[Input — start]

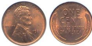
A 1921-P Lincoln cent graded MS-64 RD by NGC [Enlarge page to fill monitor screen to view details.]

With the exception of the Morgan dollar which had huge mintages at all three Mints, all the other 1921 dated denominations--including the Peace dollar were low mintage issues, some with severe drops in numbers from the previous four years. The plunge was due to a post WWI economic recession as the nation attempted to adjust its economic needs from a wartime to a peacetime economy.
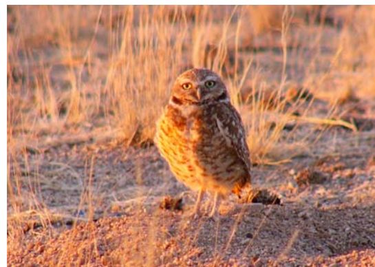
Adult Burrowing Owl on its breeding grounds at Kirtland Air Force Base, NM.

DoD manages nearly 30 million acres of land, water, and air resources across hundreds of installations; the Army Corps of Engineers manages an additional 12 million acres. These lands represent a critical network of habitats for birds, offering migratory stopover sites for resting and feeding, as well as suitable sites for nesting and rearing their young. The many installations that provide these important habitats form DoD's Steppingstones of Migration . DoD PIF is committed to ensuring that these areas, along with the species that depend on them, are protected and sustained for future generations.
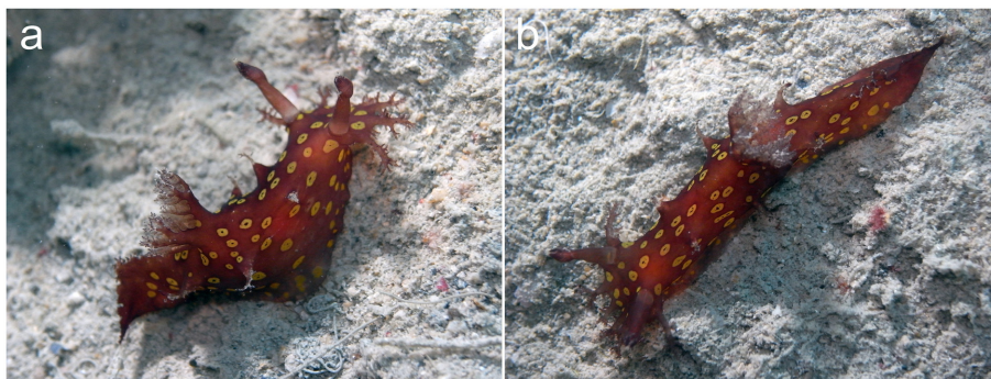
FIG. 1. A pair of the “rare” nudibranch Plocamopherus ocellatus observed in the Red Sea (Saudi Arabia), Farasan Banks, east side of Safiq Island. (a) One individual (~20 mm long) is contracted; (b) the other one (~30 mm long) is extended. Both were crawling together on sand at 27 m depth (5 May 2017) and observed by B. W. Hoeksema during scuba diving.

The nudibranch Plocamopherus ocellatus Rüppell & Leuckart, 1828 received increased scientific interest as a Lessepsian migrant when diver observations since the 1980s became the basis for publications (Appendix S1: Table S1). The recent discovery of two small specimens in the Red Sea (Fig. 1) drew attention to the question of whether it was more frequently encountered in the
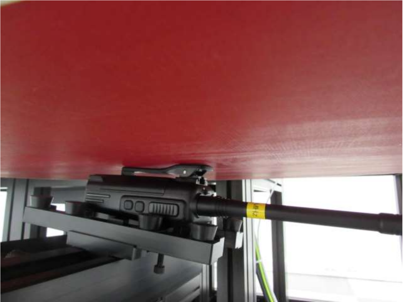
[Distance of 0 mm from the EUT]
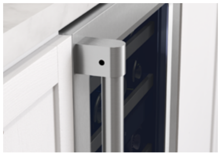
Door Lock in Pro-Style Handle
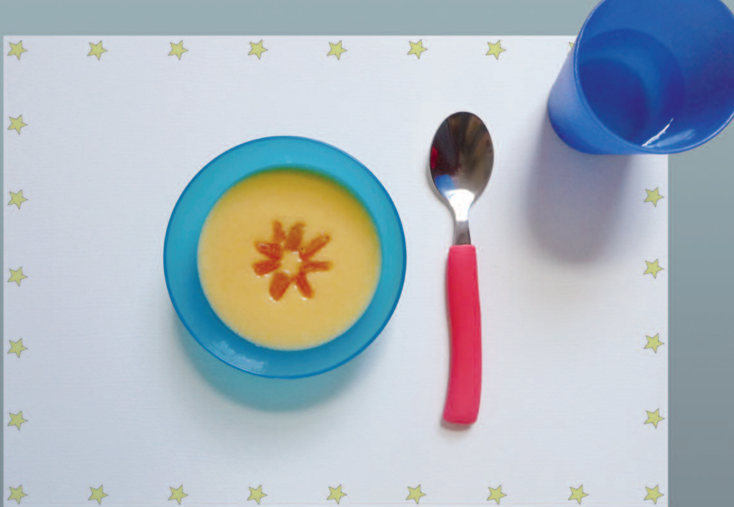
DESSERT Apricot fool with chopped apricot
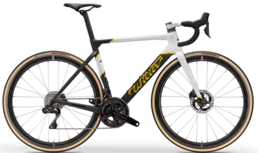
TDF23 - COLOR CODE F13 NEW COLOR
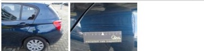
Wing R R, Scratch(es), LI - Repair and paint (complete) 308,20
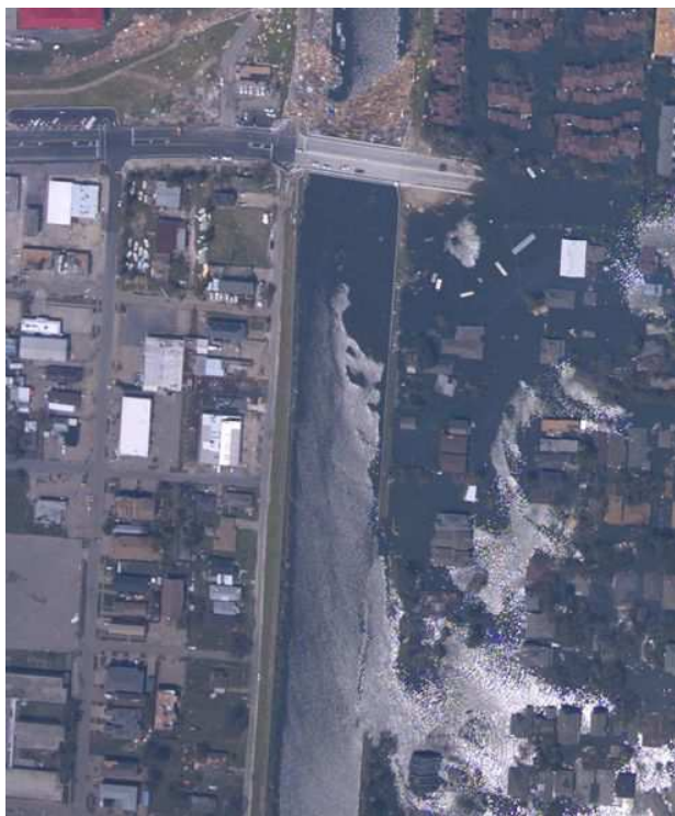
Fig. 5. Breach in 17th St. Canal in New Orleans, LA, 31 August 2005.

if they did find a place to go. Another possible consideration by some who chose not to leave the at-risk coastal areas is that there had been false alarms and calls for evacuations when past hurricanes failed to make landfall. To some Katrina victims, their assumption might have been that this was just another hurricane forecast with a low probability of actually hitting New Orleans.
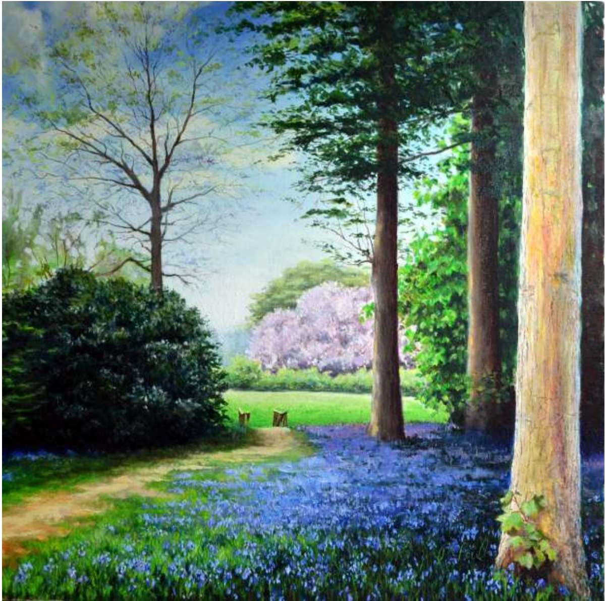
Spring in the Woods

[Input — finish]

**Exercise details**. Only the lines from the top of the records through the line with "Adult Burrowing Owl" belong in the copy; write them out exactly, leaving out pictures.

**Answer**.
A 1921-P Lincoln cent graded MS-64 RD by NGC [Enlarge page to fill monitor screen to view details.]

With the exception of the Morgan dollar which had huge mintages at all three Mints, all the other 1921 dated denominations--including the Peace dollar were low mintage issues, some with severe drops in numbers from the previous four years. The plunge was due to a post WWI economic recession as the nation attempted to adjust its economic needs from a wartime to a peacetime economy.
Adult Burrowing Owl on its breeding grounds at Kirtland Air Force Base, NM.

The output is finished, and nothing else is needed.